FIG. 4 is an elevational view, in section, of another brush having relatively spaced discrete bristle packets and the keyways for detachably retaining the bristle packets.

Referring now to FIGS. 1 and 2, there is shown one embodiment of the present invention. The inventive cleaning device, indicated generally by reference numeral 10, is shown contiguous to a transport roller 12. Transport roller 12 carries the feed stock, in this case a sheet of paper 14, into mating engagement with a printing or dampening roller 16. As roller 12 transports paper stock 14 into such mating engagement, stock 14 traverses inventive device 10 that provides a cleaning station or region for the stock surface prior to its contact or engagement with roller 16. As seen in FIG. 1, the cleaning area is coextensive with the longitudinal length of drum 12 and, hence, coextensive to the width of stock 14. Since roller 12 revolves at a relatively high speed, it will be appreciated that stock 14 rides drum 12 on a thin boundary layer of air captured between confronting surfaces of the roller and stock.

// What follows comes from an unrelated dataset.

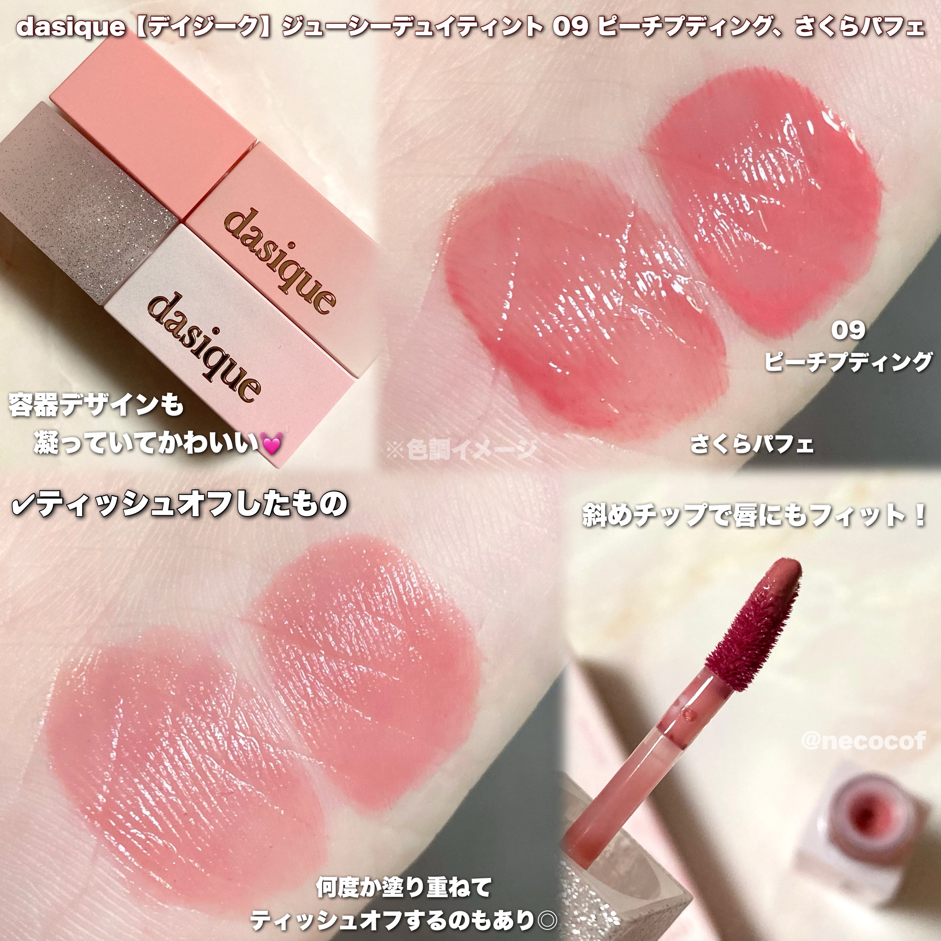 dasiqueティントの持ってる色をご紹介!▪︎dasique▫︎ジューシーデュイティント▫︎¥1,650※桃味のグミや飴の香り。結構強め!手持ちの4色についてご紹介します☻公式画像の色味との違いを感じたので特にそのあたりに触れていきます!結...

Referring now to FIG. 2, there is shown enlarged the cleaning station provided for and shown in perspective in FIG. 1. Appliance 10 includes a housing 18 having an enlarged cowling 20 that opens onto roller 12. Abrasive means, indicated generally by reference numeral 22, is generally of cylindrical shape and in the example shown, is formed of a drum core 24 and driving motor 26. Attached to the periphery of drum 24 is an abrasive covering 28. Preferably, and as shown, covering 28 will comprise a brush-like array of bristles extending radially from the periphery of drum 24. Yet in certain applications in place of bristles 28, it may be advantageous to cover drum 24 with a molleton or pile fabric. Hence, reference to the means 22 as "abrasive" is intended to include a smoothing or polishing function as well as a roughing function.

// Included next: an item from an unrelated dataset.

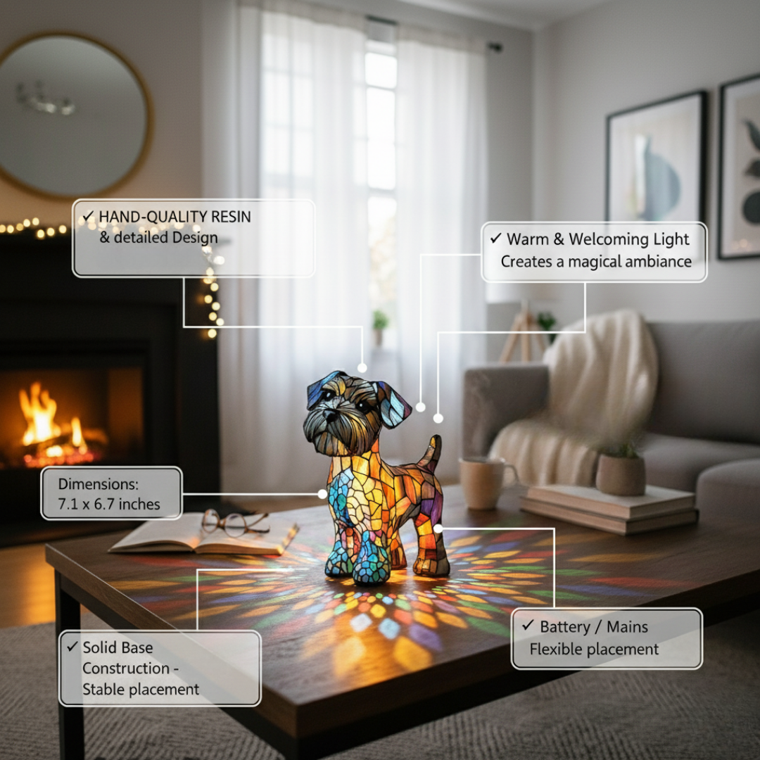 Nous avons perdu Caramel en mars. Un golden retriever de 9 ans. Il était dans chaque pièce de cette maison, et puis soudain, plus rien. Ma fille a trouvé la boutique de Pierre et nous avons commandé la lampe golden retriever. Quand elle est arrivée, on l'a posée à sa place sur le canapé et on l'a allumée. Elle est encore là chaque soir. Merci, Pierre.

The abrasive means 22 has a peripheral region thereof extending or projecting from and beyond the leading edge of cowling 20 for efficient broadside area contact with stock 14 during operation of the device as will be described hereinafter.

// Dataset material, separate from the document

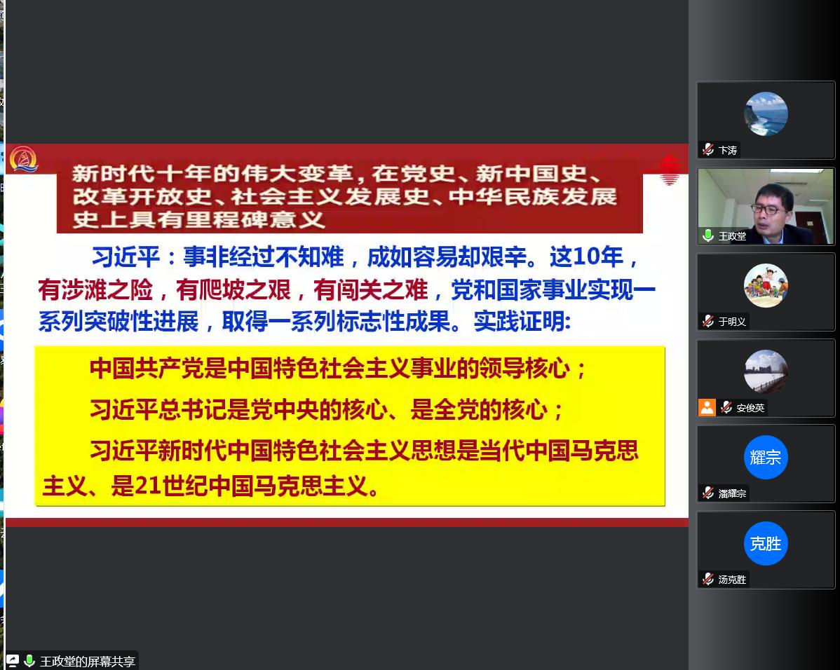 為深入學(xué)習(xí)宣傳貫徹黨的二十大精神,把全站廣大黨員干部職工的思想和行動統(tǒng)一到黨的二十大精神上來,迅速掀起學(xué)習(xí)宣傳貫徹黨的二十大精神的熱潮,12月13日上午,中科院聲學(xué)所北海研究站召開學(xué)習(xí)貫徹黨的二十大精神專題報告會,邀請青島市委黨校黨史黨建部副主任王政堂教授宣講黨的二十大精神,站領(lǐng)導(dǎo)及在職職工共四十余人參加會議。因疫情防控需要,報告會采用線上形式開展。

A pair of opposed curtain or sash means 30 are disposed in straddling relation about the aforesaid extending peripheral region of abrasive means 22. Each curtain means 30 is attached to and carried on the leading edge of cowling 20 and is likewise coextensive with the broadside or longitudinal length of device 10 and hence stock 14. As shown, means 30 projects from cowling 20 into contact with and wiping against stock 14. Means 30 will preferably comprise an array of bristles, but other constructions are suitable such as a synthetic sash formed with perforations or a porous stiffened fabric such as a specially treated felt or pile fabric.

Each one of a pair of corona discharge devices 32 and 34 is attached to cowling 20 at a location outboard of curtains 30 so that the pair straddles abrasive means 22 as shown. Each ion discharge device 32 and 34 is also coextensive with the longitudinal or broadside length of abrasive means 22 and hence material 14. The discharge of ion device 32 is directed onto the surface of web 14 before the same contacts abrasive means 22. And, the discharge of downstream ion device 34 is directed onto the stock or web surface as it leaves device 10 during the operation thereof described hereinafter.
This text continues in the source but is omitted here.